For his service to his country through the USO, he was awarded the Sylvanus Thayer Award by the United States Military Academy at West Point in 1968. “The Thayer Award, established in honor of Col. Sylvanus Thayer, ‘Father of the Military Academy,’ is presented to an outstanding citizen whose service and accomplishments in the national interest exemplify the Military Academy motto, Duty, Honor, Country. The Association of Graduates has presented the award annually since 1958.”
For his service to America and to the military in particular, Bob Hope was awarded the nation’s highest honor, “The Presidential Medal of Freedom”, which was created by President Harry S. Truman in 1945. But for all the GI’s who ever served, Bob Hope will forever be remembered as the legendary entertainer and USO Ambassador of Goodwill, who for six decades, brought the USO’s famous “touch of home” and a string of smiles to millions of GI’s often during their most difficult hours. And maybe what makes Bob Hope so important is that he and his Hollywood “band of gypsies” gave the U.S. troops real memories with his words of humor and wisdom…
- During the WWII, Hope recalls his plane being shot at when he was on his way to perform for the troops, and his response to being shot at … “I have critics everywhere.”
- “I have a wonderful make-up crew. They’re the same people restoring the Statue of Liberty.”

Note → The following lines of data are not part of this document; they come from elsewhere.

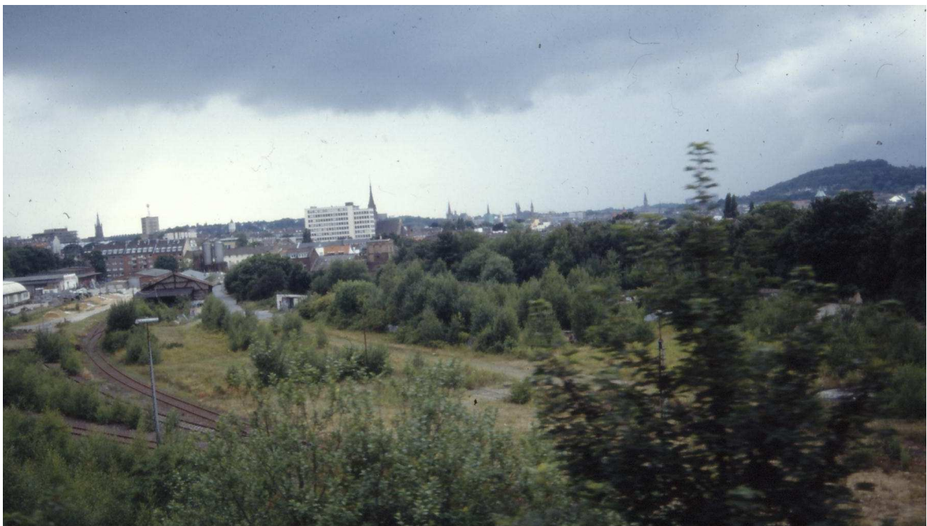
Moltkebahnhof vor dem Bau der Gesamtschule von der Bahnlinie Aachen Köln aus gesehen

Dieser Bahndamm schneidet das Frankenberger Viertel von der Frischluftschneise des Bachtals ab. Die Bachtäler sind wichtig im Aachener Talkessel für die Versorgung der Innenstadt mit Frischluft. An heißen Sommertagen wälzt sich die frische Kaltluft aus der Umgebung entlang der Bäche in Richtung Innenstadt. Am Gillesbach kann man besonders gut erleben, wie sich an heißen Sommerabenden vor dem Bahndamm ein „Frischluffsee“ bildet. Es fühlt sich an, als tauche man in kaltes Wasser, wenn man sich dem Gillesbachtal nähert. Lange wurde darüber diskutiert, ob es sinnvoll sei, den Bahndamm auf einer längeren Strecke zu öffnen, um das dahinter liegende eng bebaute Wohnviertel optimaler mit Frischluft zu versorgen. Wegen unabsehbar hoher Kosten wurden diese Pläne aufgegeben zumal die Wirkung durchaus umstritten war.
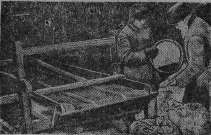
Колхоз „Красный Пролетарий“ (Волоколамский район Московской обл.) полностью обеспечил себя льносеменами. На снимке сортировка на трере льносемян.
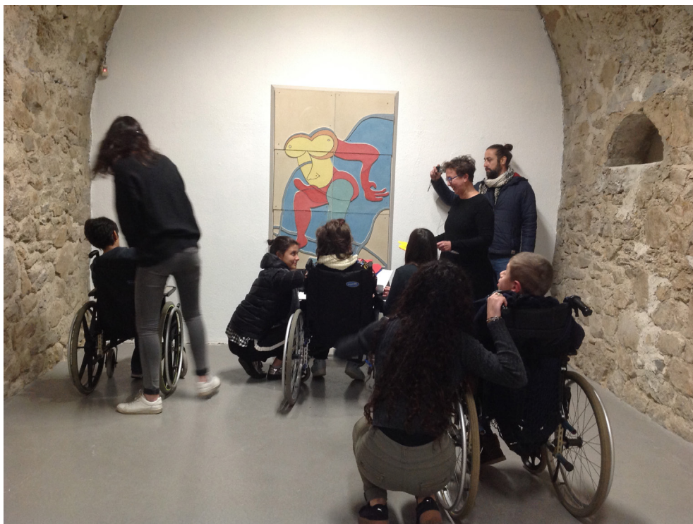
Frac-Artothèque Limousin Nouvelle Aquitaine

Le rendez spécifique «Une œuvre/une heure» : Ouvert à tous, il permet d'appréhender une œuvre installée dans le parcours de l'exposition en audio description (accessibilité public déficient visuel et intellectuel). Visite LSF ouverte à tous et gratuite : un dimanche par expo (premier dimanche du mois). D'autres visites LSF sont également proposées pour chaque exposition dans le cadre de différents projets de rencontre des publics.
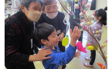
地域の高齢者と子どもでだんごさし
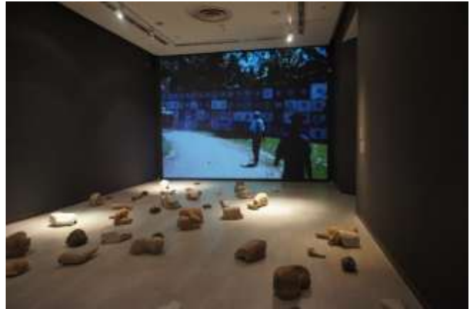
Kiri Dalena Monuments for a Present Future 2013
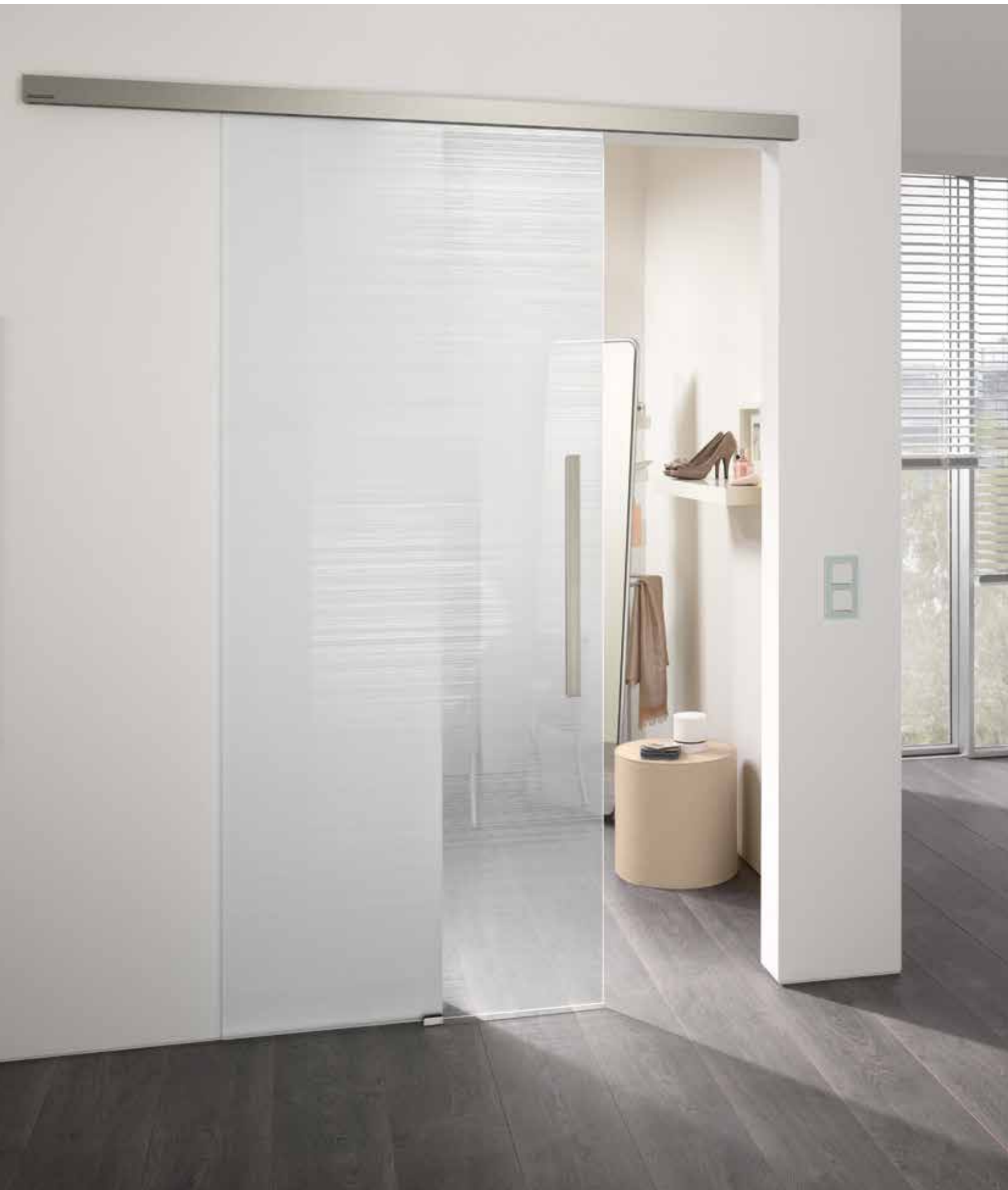
Schiebesystem 1-flg.: Tvin 2.0, ähnl. Edelstahl matt | Glasdesign: Corteo | L&H Griffleiste beidseitig, 600 mm, ähnl. Edelstahl matt
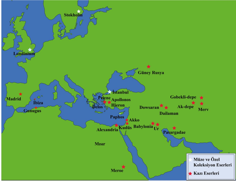
Figür 5: Bugüne kadar bulunmuş cam amuletlerin dağılımını gösterir harita (Çizim: Tuğba Teze).

kollarının olmayışı ve üst gövdesinin giysili oluşuyla farklıdır. Stilize anlatıma bağlı oluşan bu farklılıklara karşın amuletin Hellenistik Dönem sonu ile MS 1. yüzyıla tarihlenen Mısır'dan karnelyan bir örnekle benzerlik göstermesi, Tralleis kemik kadın figürünü için önerilen tarihin MS 1.-2. yüzyıla, yani Erken Roma İmparatorluk Dönemi'ne çekilmesi gerektiğini düşündürür 27 .
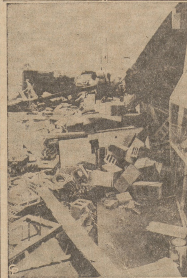
TRABA POWIETRZNA PRZEWAŁIŁA SIĘ PRZEZ INDIANE. — Gwałtowna traba powietrzna, która nawiedziła ostatnio środkową część stanu Indiana, wyrzuciła tam kolosalną szkodę. W miejscowości Newcastie nlicie miasta zablokowane zostały gruzami zburzonych domów, a w różnych punktach stanu zauważono kilka leżących z chmur, które przechodziły góra, szczęśliwie nie dotknęły ziemi.

Zwracając się do Ricca sędzia Miner napiętnował go, twierdząc, że stał się on "okazem zbrodniczości z tendencją do zdemoralizowania młodzieży, skorumpowania starszych i przyniesienia wstydu i hańby narodowi, jako rozwieżniemu i bezprawnemu". Taka działalność zagraża całemu naszemu dobrobytowi i jest
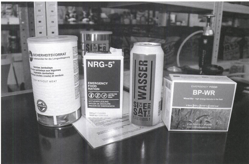
Produkte fürs Überleben, z.B. Gemüse, das 15 Jahre haltbar ist (Dose ganz links), fotografiert von Laura Clavadetscher.
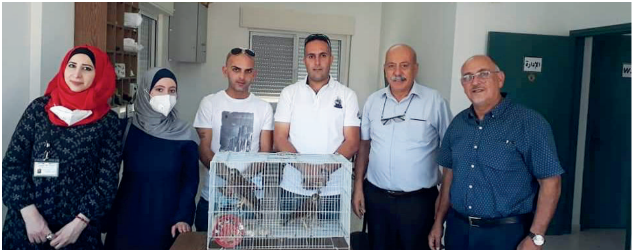
إعادة تأهيل وإطلاق طيور فلسطينية مهددة بالانقراض
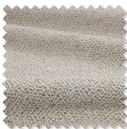
Zolani tessuto testurizzato 5 Colori
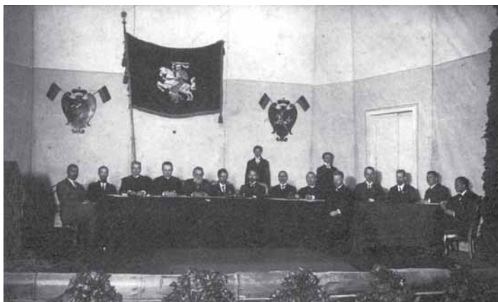
Vilniaus konferencijos prezidiumas ir sekretoriatas. A. Jurašaičio nuotrauka
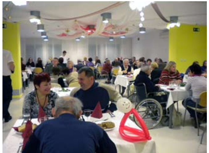
V srečno novo leto s svojimi domačimi

Po predstavi pa so v večnamenski dvorani za skupno mizo sedli stanovanci s svojci in delom osebja. Skupno smo se pozdravili in nato uživali okusno hrano, ki so jo pripravile kuharice. Vzdušje je bilo slovesno. Tudi glasba je spremljala naše praznovanje, kajti še so zveneli nežni zvoki citer. V štirih dnevni prostorih pa so se zbrali tisti stanovanci, katerih svojci niso bili prisotni. Tako kot v dvorani je bilo enako slovesno v dnevnih prostorih. Naše gospodinje so stregle in se resnično ravnale po protokolu. Večerja je bila slovesna in vsi smo se dobro počutili. Tudi zapeli smo in si za slovo rekli: »Hvala, lepo je bilo in vsem srečno novo leto!« Legenda pravi, da so Sveti trije kralji Gašper, Miha in Boltežar – G + M + B – zagledali na obzorju svetlo zvezdo, repatico, in ta jih je
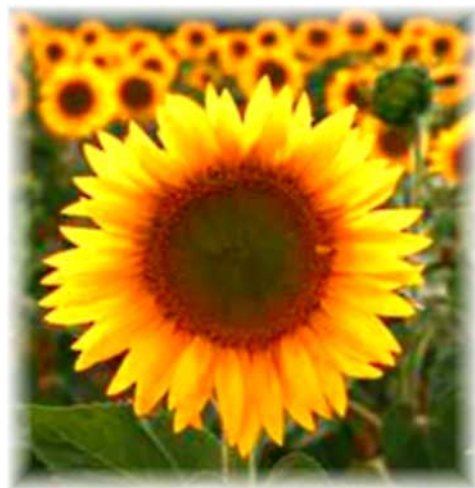
Léto v plném proudu!
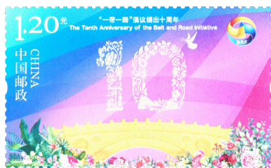
图 2.4 《“一带一路”倡议提出十周年》纪念邮票

《中华人民共和国第十四届全国人民代表大会》《世界上第一株杂交水稻培育成功五十周年》等多套纪念邮票中使用调频+调幅混合加网、缩微文字等防伪技术，提高邮票防伪性能，增加防伪壁垒。
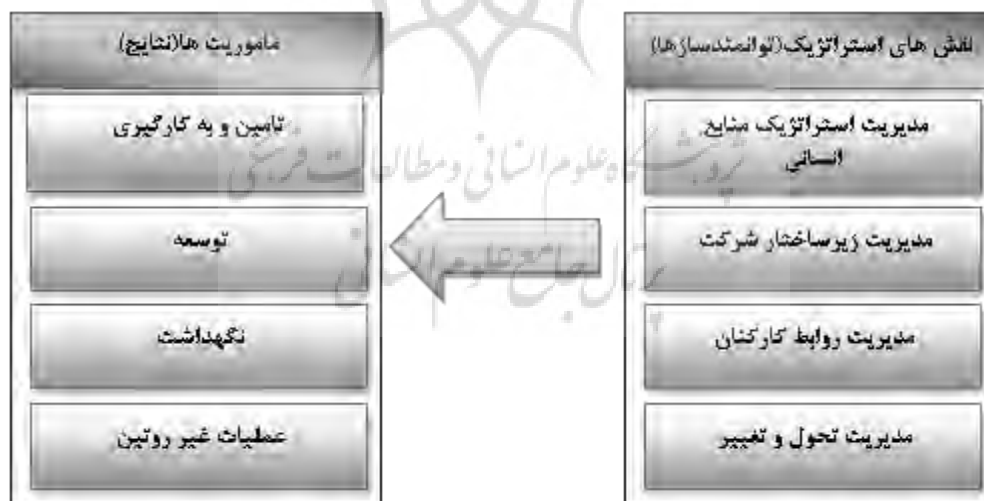
شکل ۲. مدل مفهومی پیشنهادی

با در نظر گرفتن سایر مدل ها و ساختار راهبردهای منابع انسانی، از شکل ۲ برای شناسایی و استخراج نقش های راهبردی واحدهای منابع انسانی استفاده شده است. نوآوری این پژوهش اتصال نقش های راهبردی منابع انسانی به مأموریت منابع انسانی سازمان است.
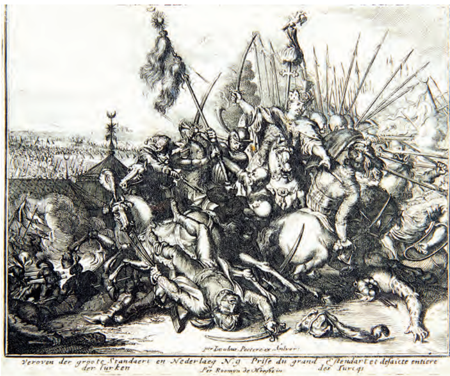
341. J. Peeters. Bitwa pod Wiedniem. Cykl 10 rycin. Po 1683.
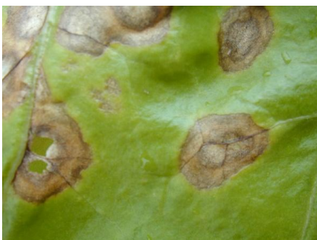
Ramulariose : présence à la loupe de points blancs observables au centre des taches.
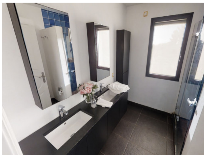
Baño independiente en la planta superior
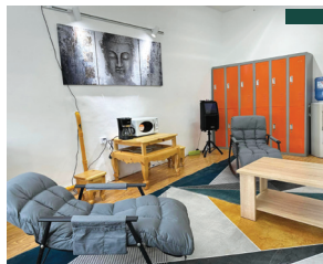
Хужирт сумын Ерөнхий боловсролын сургуулийн багш нарын амралтын өрөөг бүрэн засварлаж, амрах ая тухтай орчинг бүрдүүлэв.
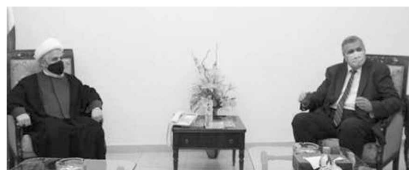
كوبيش يزور قاسم

واستقبل مفتي الجمهورية اللبنانية الشيخ عبد اللطيف دريان في دار الفتوى كوبيش، في زيارة وداعية بمناسبة انتهاء خدماته في لبنان، وتم تداول الشؤون العامة.
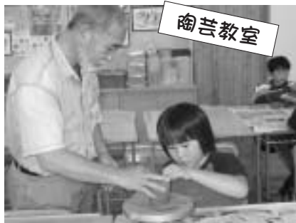
▲7月28日、陶芸教室が浜中美術室で行われました。8名の参加者は、思い思いの器を製作しました。
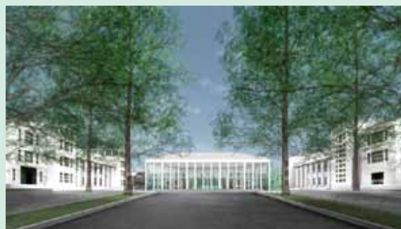
日吉記念館建て替え後の予想イメージ

在の6,500人から約1万人へと大幅に増え、アリーナ面積も拡大し体育施設としての充実も図られる予定です。建て替え前最後の三田祭前夜祭は11月4日（金）に行われ、木村カエラさんのコンサートで大いに盛り上がりました。
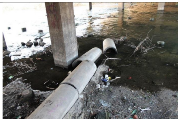
Rogoźno - pod mostem na ulicy Lipowej - 02.01.2020 r.
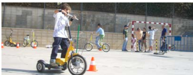
Imatges de les activitats de celebració de la Setmana de la Mobilitat.
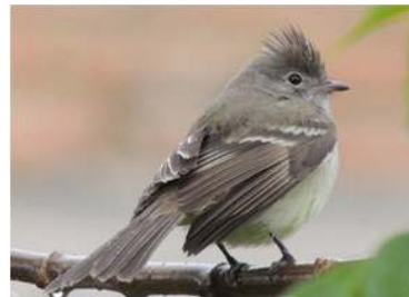
35 Camptostoma obsoletum (LRP) TYRANNIDAE
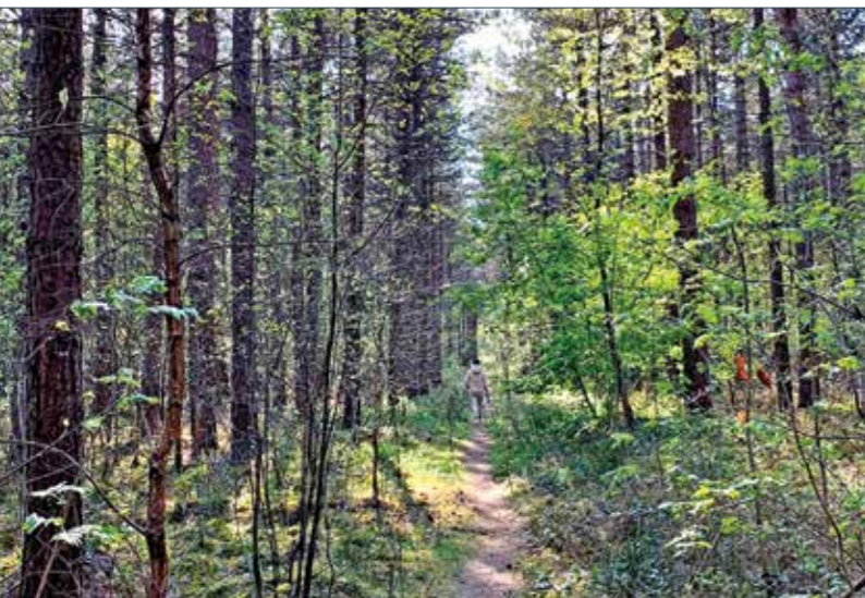
Den Bäumen in unseren heimischen Wäldern geht es nicht besonders gut. Besonders Buchen und Fichten haben mit dem Klimawandel und Schädlingen zu kämpfen.

Anlässlich des Tages des Baumes: Interview mit Förster Jansen über unseren heimischen Forst

- Hope appeared in so many theaters of war over the decades that it was often cracked (in Bob Hope style) that “Where there’s death, there’s Hope”.
- “I have seen what a laugh can do. It can transform almost unbearable tears into something bearable, even hopeful”.
- “If you haven’t got any charity in your heart, you have the worst kind of heart trouble”.
- “You know you’re getting old when the candles cost more than the cake”.
- “You never get tired unless you stop and take time for it”.
The 1997 act of Congress signed by President Clinton named Hope an “Honorary Veteran.” He remarked, “I’ve been given many awards in my lifetime — but to be numbered among the men and women I admire most — is the greatest honor I have ever received.”…Amen
Following his service in the Marine Corps Ed Mattson built a diverse career in business in both sales/marketing and management. He is a medical research specialist and published author. His latest book is Down on Main Street: Searching for American Exceptionalism
Ed is currently Development Director of the National Guard Bureau of International Affairs-State Partnership Program, Fundraising Coordinator for the Warrior2Citizen Project, and Managing Partner of Center-Point Consultants in North Carolina.
Mr. Mattson is a noted speaker and has addressed more than 3000 audiences in 42 states and 5 foreign countries. He has been awarded the Order of the Sword by American Cancer Society, is a Rotarian Paul Harris Fellow and appeared on more than 15 radio and television talk-shows.